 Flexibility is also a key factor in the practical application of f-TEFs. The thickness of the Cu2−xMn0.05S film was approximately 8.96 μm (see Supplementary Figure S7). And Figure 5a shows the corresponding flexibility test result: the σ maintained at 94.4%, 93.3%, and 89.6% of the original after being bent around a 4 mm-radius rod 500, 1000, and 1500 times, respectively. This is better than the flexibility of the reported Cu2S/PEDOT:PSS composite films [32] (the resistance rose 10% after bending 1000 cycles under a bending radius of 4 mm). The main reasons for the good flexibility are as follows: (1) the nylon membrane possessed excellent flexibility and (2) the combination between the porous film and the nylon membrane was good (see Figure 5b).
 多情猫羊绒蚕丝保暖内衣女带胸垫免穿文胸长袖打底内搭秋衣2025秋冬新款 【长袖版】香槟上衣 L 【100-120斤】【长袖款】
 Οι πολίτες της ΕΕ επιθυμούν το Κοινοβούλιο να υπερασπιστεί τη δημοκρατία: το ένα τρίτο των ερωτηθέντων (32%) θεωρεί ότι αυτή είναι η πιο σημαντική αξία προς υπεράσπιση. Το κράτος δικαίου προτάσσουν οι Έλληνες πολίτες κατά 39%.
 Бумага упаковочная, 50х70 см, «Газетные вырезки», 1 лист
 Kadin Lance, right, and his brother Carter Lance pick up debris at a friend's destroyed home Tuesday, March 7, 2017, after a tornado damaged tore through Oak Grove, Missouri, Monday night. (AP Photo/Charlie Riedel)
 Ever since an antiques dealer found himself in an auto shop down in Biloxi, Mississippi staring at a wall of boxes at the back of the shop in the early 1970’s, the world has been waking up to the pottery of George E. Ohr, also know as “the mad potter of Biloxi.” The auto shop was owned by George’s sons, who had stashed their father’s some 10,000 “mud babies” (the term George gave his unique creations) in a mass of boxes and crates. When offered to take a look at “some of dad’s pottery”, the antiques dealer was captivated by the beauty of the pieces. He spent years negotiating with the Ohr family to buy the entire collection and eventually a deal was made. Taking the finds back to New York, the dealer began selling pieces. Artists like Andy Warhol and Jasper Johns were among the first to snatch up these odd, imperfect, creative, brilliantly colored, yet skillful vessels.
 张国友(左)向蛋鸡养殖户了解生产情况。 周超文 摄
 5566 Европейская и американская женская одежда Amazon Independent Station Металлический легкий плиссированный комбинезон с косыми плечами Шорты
...
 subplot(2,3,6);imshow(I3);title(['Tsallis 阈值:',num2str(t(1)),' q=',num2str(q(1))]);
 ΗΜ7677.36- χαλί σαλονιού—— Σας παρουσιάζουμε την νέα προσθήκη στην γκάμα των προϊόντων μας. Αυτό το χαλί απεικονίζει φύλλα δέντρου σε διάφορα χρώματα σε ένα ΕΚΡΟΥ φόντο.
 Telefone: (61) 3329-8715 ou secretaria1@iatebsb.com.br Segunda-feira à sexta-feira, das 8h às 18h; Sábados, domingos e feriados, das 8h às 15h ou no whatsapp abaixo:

● Your objective:
Total lines with "after" in the records above: report that figure alone.

● Problem solution:
2